§ Data block
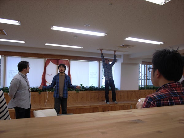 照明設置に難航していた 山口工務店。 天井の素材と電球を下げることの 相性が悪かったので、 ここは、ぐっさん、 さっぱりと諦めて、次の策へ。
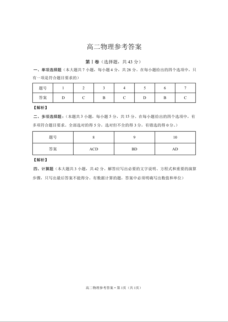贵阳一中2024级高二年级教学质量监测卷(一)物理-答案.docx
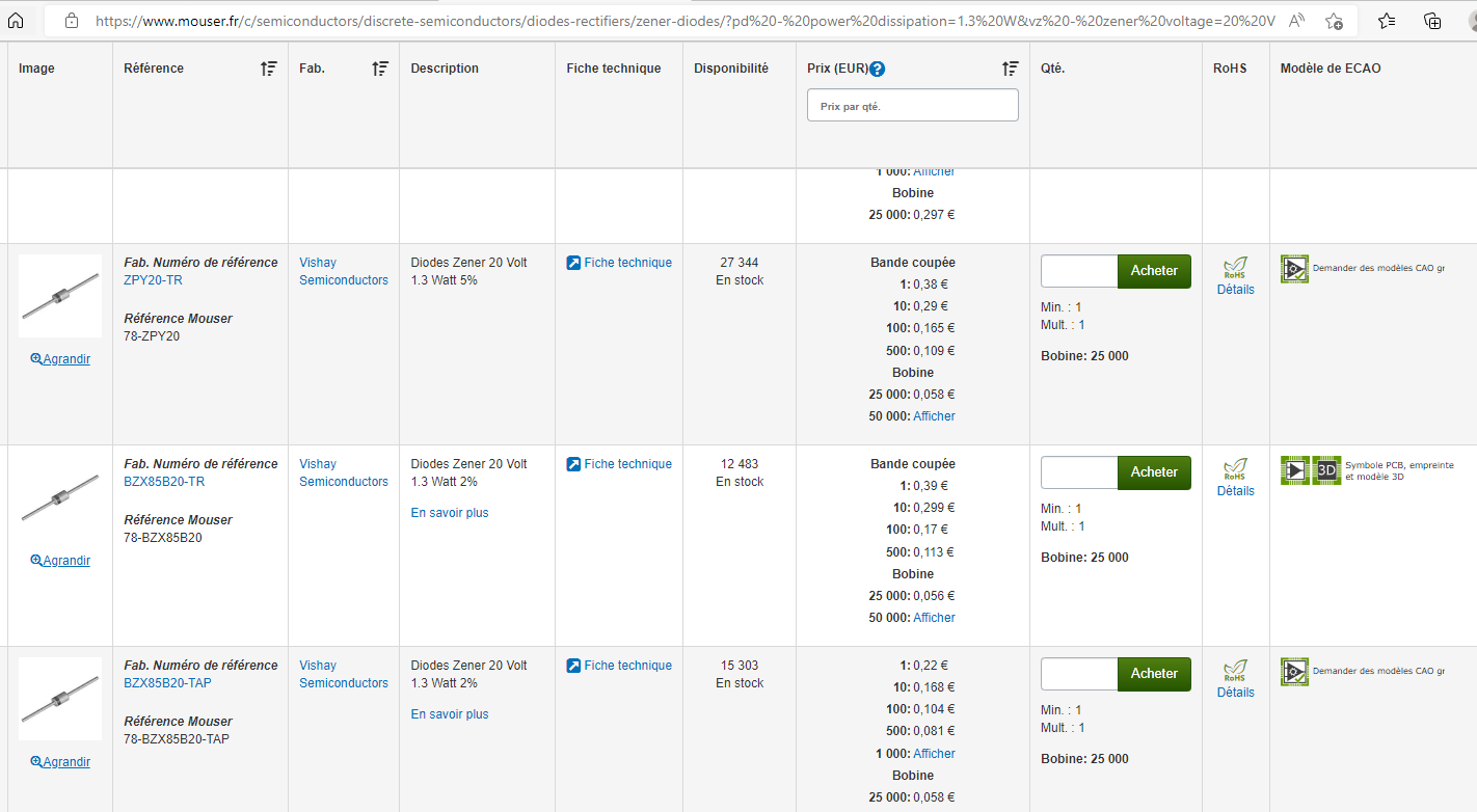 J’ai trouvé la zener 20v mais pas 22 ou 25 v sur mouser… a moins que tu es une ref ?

§ Problem details
Please output every line of the listing as it stands, and omit its images.

§ Answer section
 照明設置に難航していた 山口工務店。 天井の素材と電球を下げることの 相性が悪かったので、 ここは、ぐっさん、 さっぱりと諦めて、次の策へ。
贵阳一中2024级高二年级教学质量监测卷(一)物理-答案.docx
 J’ai trouvé la zener 20v mais pas 22 ou 25 v sur mouser… a moins que tu es une ref ?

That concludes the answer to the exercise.